Bu istemlerin Türkiye’deki “demokrasi” ya da “demokratikleşme” istemleriyle doğrudan ilişkisi olduğu da bir gerçektir. Hemen burada belirtilmelidir ki, söz konusu istemlerin temel dayanağı “dini inanç ayrılıkları, üniter bir devletin varlığına ve ortak bir siyasi teşkilat oluşturmaya engel değildir” ilkesinden alınmaktadır ve bu ilke ilgili kamu kuruluşlarına bir hareket alanı ya da koridoru açmaktadır. Nitekim, bu bağlamda, Aleviliğe yönelik sivil toplum kuruluşları güçlendiği oranda, konuya yönelik istemlerin daha da güçlendiği görülmektedir. Bu durum, “Kopanhag Kriterleri”nin özü ve mesajıyla da örtüşmektedir. Dolayısıyla, son “İlerleme Raporu”nda Türkiye’de var olduğu kaydedilen Alevi sorununun, ancak demokrasiyle çözülebileceği, bunun için de “sivil toplum kurumlarının istikrarının” bir ön koşul olduğu söylenebilir. Bu bağlamda şu hususa da dikkat çekilmelidir: Yasalar önünde eşitlik ile din ve vicdan özgürlüğü istemlerini dile getiren Aleviler, Türkiye Cumhuriyeti Anayasası’nın 10. ve 24. maddelerinin uygulanmadığının altını çizerek; anayasanın Alevilere eşit olarak uygulanması gerektiğini belirtmektedirler.
Sonuç Yerine:
Bir toplumun içindeki dini cemaatler-gruplar, onlar arasındaki ilişkilerden kaynaklanan sorunları da beraberinde getirir. Sorunların ulaştığı en uç nokta, cemaatler-gruplar arasındaki çatışmalardır. Her ne kadar sosyolojik olarak çatışmacı kurama göre çatışmaların, yaratacağı dinamizmiyle sosyal gelişmeyi arttırıcı bir özelliği olduğu vurgulansa da çatışmalar, esas itibariyle toplumu ve sosyal ilişkileri zayıflatıcı bir sonuç getirmektedir. Bu bağlamda, antropolojide, bir toplumun iki önemli cemaati-grubu arasında görülen en önemli sorun, karşılıklı sosyal entegrasyon ve onun nasıl sağlanacağı-sağlandığıdır. Burada, ilgili cemaatlerin-grupların birbirlerini tanıyabilmeleri, kendi kimlikleriyle algılayabilmeleri, gerçek kimliğe dayanan bir imaj oluşturabilmeleri sorunun çözümünde öne çıkmakta ya da önem kazanmaktadır.

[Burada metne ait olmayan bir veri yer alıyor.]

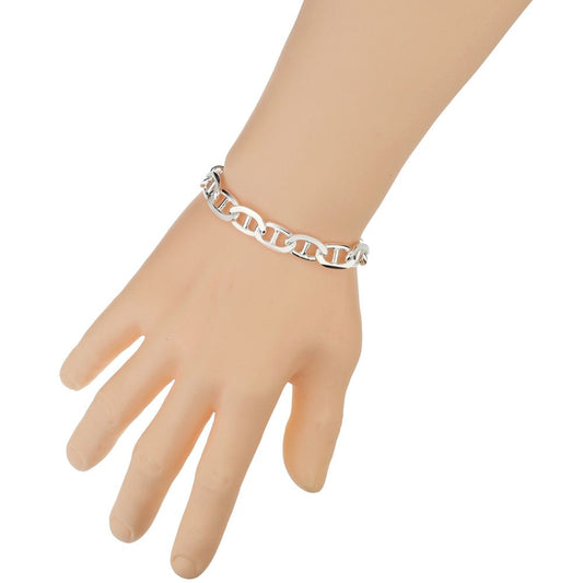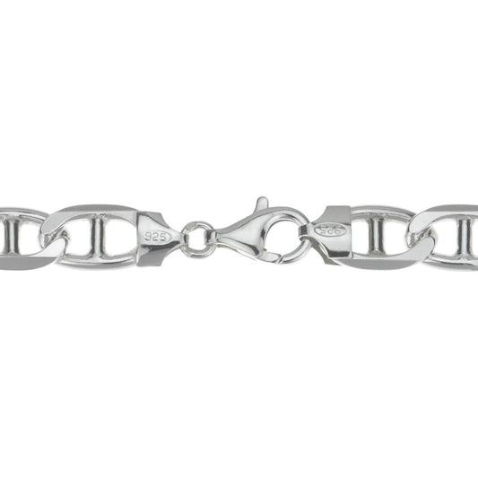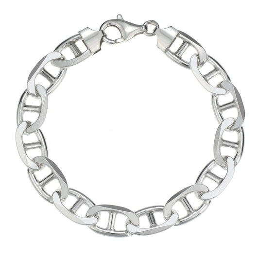 Massieve gucci armband, 10 mm breed, met sterke karabijnhaak als slot. Deze gucci armband is gemaakt van eerste gehalte zilver (925/1000) en is voorzien van bijbehorend wettelijk verplicht zilverkeurmerk. Gucci is de naam van de schakel, niet het merk. Deze armband is, net als alle andere sieraden in onze collectie, merkloos. Deze schakel wordt ook wel mariniersschakel genoemd. De schakelarmband bestaat uit massieve, flexibele schakels die zeer plat van vorm zijn. Deze armband is nikkelvrij en niet gerhodineerd.

Karmaşık toplumlar, devlet esasına göre örgütlenmişlerdir. Devlet, bir üst örgüt olarak, tüm sosyal kurumlar-örgütler arasındaki ilişkileri düzenler; yazılı hukuk kurallarıyla bunları koordine ve kontrol eder. Devletin en önemli görevleri veya temel fonksiyonları, var olan ya da olası farklı cemaatler-gruplar arasında, hukuk yoluyla dengeyi-eşitliği kurabilmek; bireyin ait olduğu cemaate-gruba özgü kimliğini reddetmeden, onda yurttaşlık kavramının-kimliğinin geliş(tiril)mesine zemin ve olanak sağlayabilmektir. Devlet, cemaatler-gruplar arasındaki ilişkilerde ve entegrasyonda dengeli, eşit uzaklıkta ve yakınlıkta olduğu ölçüde demokrasi yerleşir, toplum güçlenir. Bu anlamda, sosyal sorunların ve tabii ki çatışmaların en aza indirildiği bir toplum modeli, sosyal entegrasyon denge ve hukuki eşitlik üzerine bina edildiğinde oluşturulabilir. Avrupa Birliği’nin de özünde yatan “değerler”in açılımı kanaatimizce bundan ibarettir.
Devlet, kurumlarıyla cemaatlerin-grupların sosyal entegrasyonunu bu şekilde destekleyebilir-üstlenebilir; eğitim, sağlık, adalet gibi sosyal kurumlardaki ve ekonomideki karşılıklı hizmeti dengeli bir şekilde-ayrım gözetmeksizin, eşit uzaklıkta ve yakınlıkta gerçekleştirebilir; beraberce kendi aralarında oluşturdukları alt grupları (aynı iş yerini paylaşma, meslek grupları vb. gibi) destekler, onların gelişmesine olanak-zemin sağlar ve buna yol açarsa, cemaatler-gruplar arasındaki sorunlar (var olan-olası çatışmalar) olabildiğince azalır.